Создание мифа об «освободительной» роли частной собственности сопровождалось фабрикацией черного мифа об общественной собственности как якобы возникающей с помощью авторитарной власти и насилия. В.С.Нерсесянц пишет:
«Создаваться и утверждаться социалистическая собственность может лишь внеэкономическими и внеправовыми средствами – экспроприацией, национализацией, конфискацией, общеобязательным планом, принудительным режимом труда и т. д.».
Почему же национализация – неправовой акт? А приватизация – правовой? Какие можно придумать правовые основания, чтобы отдать одному комсомольскому работнику машиностроительный суперкомбинат «Уралмаш» за смехотворную цену – одну тысячную не стоимости завода, а стоимости его годовой продукции?
Но пусть даже национализация в 1918 г. и была «неправовой» (точнее, следовала революционному праву). Разве это особенность именно русской революции? Крупнейший экономист Запада XX века Дж. М.Кейнс писал в 1922 г.: «В природе революций, войн и голода уничтожать закрепленные законом имущественные права и частную собственность отдельных индивидов». Но главное даже не правовая сторона дела, а тот факт, что национализация промышленности в России – всего лишь краткий исторический миг в истории советского хозяйства, да и национализированы в 1918 г. были парализованные и заброшенные предприятия. Ее главной причиной была именно остановка производства владельцами предприятий, что грозило рабочим голодной смертью. Именно владельцы нарушили свои обязанности, которые явно или неявно предусмотрены «общественным договором», каковым и является частная собственность на средства производства. В 1954 г. были опубликованы исключительно важные для данной темы материалы – большой том в 824 страницы («Национализация промышленности в СССР. Сборник документов и материалов 1917–1920 гг.» М.: Политиздат. 1954). Его полезно прочитать внимательно, каждый документ, о каждом конкретном случае.
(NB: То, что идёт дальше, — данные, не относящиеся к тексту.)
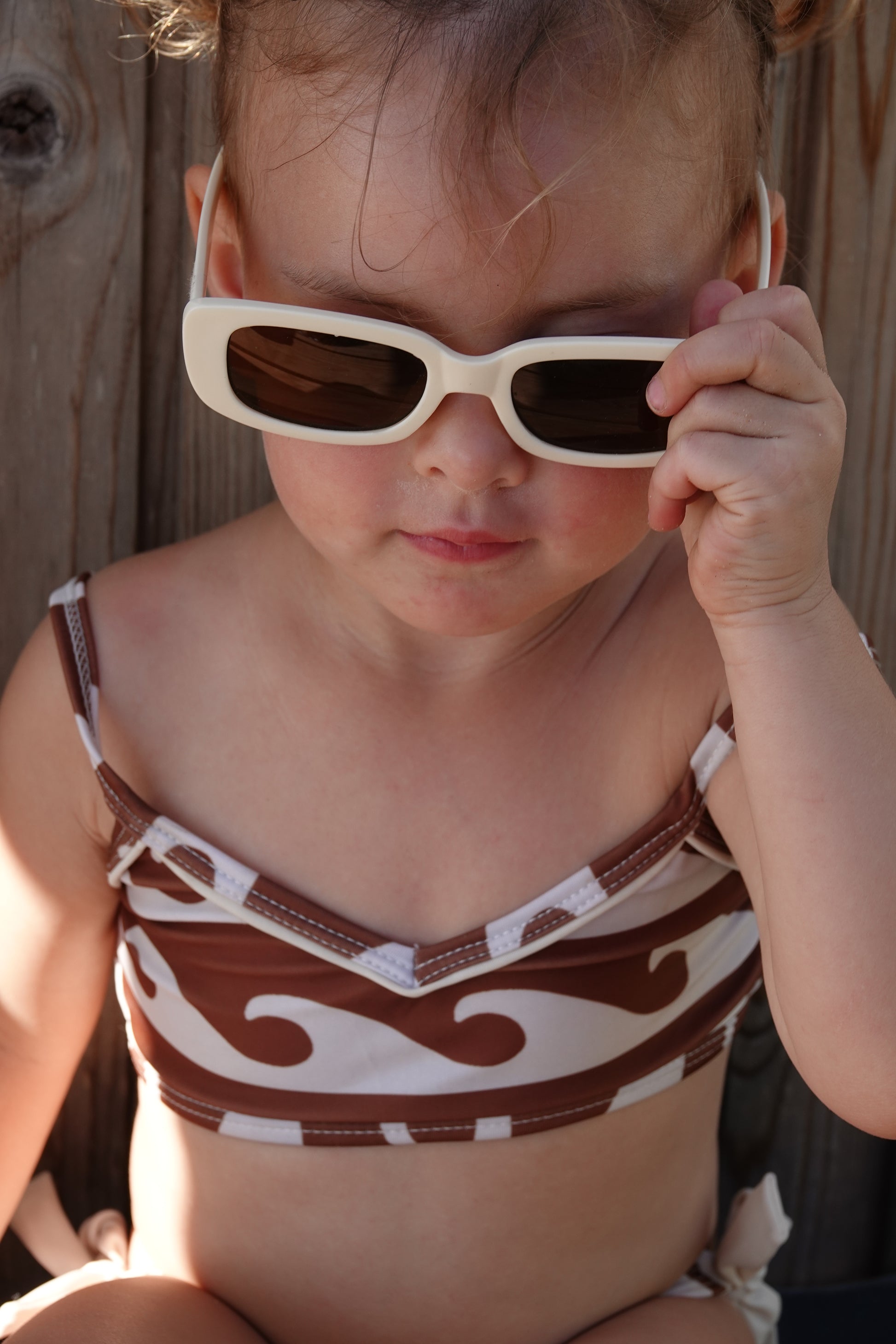 Our signature kids bikini reimagined in a brown waves print inspired by the ocean, movement, and sun-washed days by the sea. Designed for comfort and freedom, it offers the same trusted fit as our previous bikinis, with a new earthy pattern that feels timeless and easy to wear.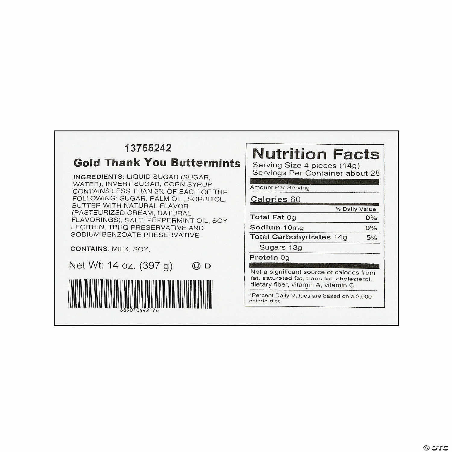 โข What’s Included: This set includes 108 individually wrapped mint sets printed in gold to read: Thank you! They’re perfect for wedding receptions, commitment ceremony celebrations, graduation parties and bridal showers. โข Non-Returnable: Candy is non-returnable. For more information, visit the Return Policy page located on our website.โข Important Country of Origin Information: Made in the U.S.A. For certain items sold by OTC on our Web or Mobile sites, country of origin information can change and what is displayed may not be accurate or consistent with manufacturer information. For up to date country of origin information, it is recommended that you rely on product packaging or other manufacturer information.โข Product Information: These buttermints are fat-free, gluten-free, nut-free and Kosher (dairy). Details about ingredients, nutrition, allergens and other product information are provided on our Web and Mobile sites for reference purpose only, without warranty or representation as to accuracy. Manufacturers adjust their labeling regularly and are solely responsible for the accuracy of the information. For general questions concerning these items, please contact our customer service at 800-228-0475.Product Description: Thanks a mint! With beautiful gold script and tasty mints inside, these gold thank you buttermints are a sweet way to show your gratitude. The set includes 108 packages, giving you enough for wedding receptions, bridal showers or graduation parties. Scatter the buttermint packages onto tables as tasty decor or fill decorative dishes with them and place on the dessert table. Each package includes two buttermints and features gold script that reads: thank you. Specs:Size: 14 oz. totalQuantity: 108 piecesDietary needs: Fat-free, Nut-free, Gluten-free and Kosher (dairy)Brand: ยฉ OTC – Oriental Trading Company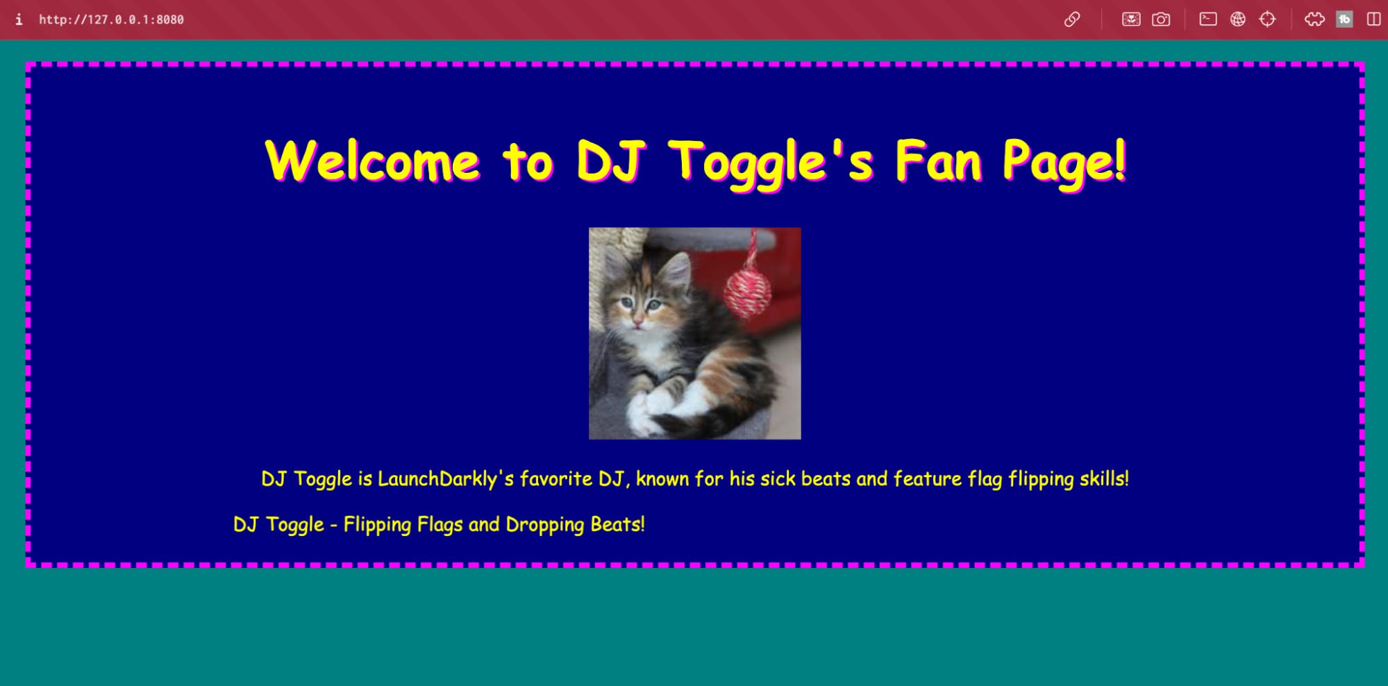 In this tutorial, we’ll use LaunchDarkly's feature flags in a JavaScript application. We’ll start with an example from my earliest days of internet building — building a fan page, which will demonstrate how feature flags work. The fan page will flip our DJ Toggle page from a 1995-style into 2000s-style site and back, depending on the state of a feature flag.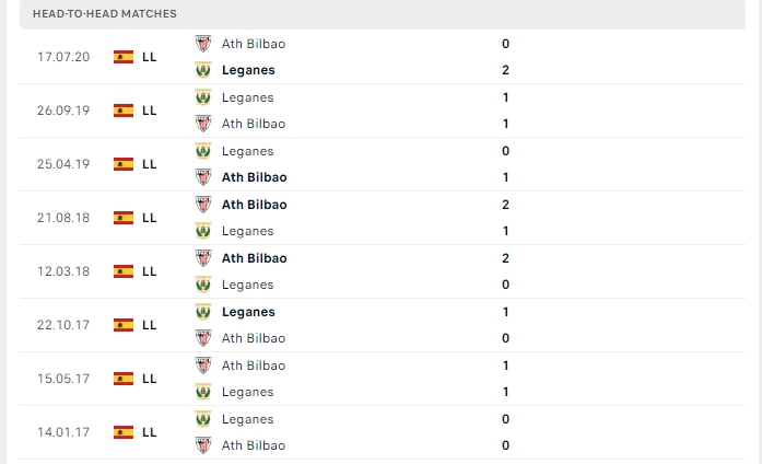 Ở lần gặp nhau gần nhất trong mùa giải năm ngoái, Athletic Bilbao dù được đánh giá cao hơn nhưng cũng không thể đánh bại Leganes khi khép lại với kết quả hòa 1-1. Sẽ một lần nữa Athletic Bilbao là những người mang đến những thử thách không nhỏ dành cho chủ nhà Leganes, tuy vậy để tìm kiếm chiến thắng là điều không hề dễ dàng.

Но 9/10 социалистической собственности в СССР было создано хозяйственной деятельностью в последующий за национализацией период. Согласно промышленной переписи, на 31 августа 1918 г. было национализировано 3 тыс. крупных предприятий – практически все, какие были в России. Большинство их было разорено во время Гражданской войны и потом восстановлено уже советским государством. Но за годы первой и второй пятилеток и часть третьей пятилетки до начала Великой Отечественной войны было построено 9 тыс. крупных предприятий.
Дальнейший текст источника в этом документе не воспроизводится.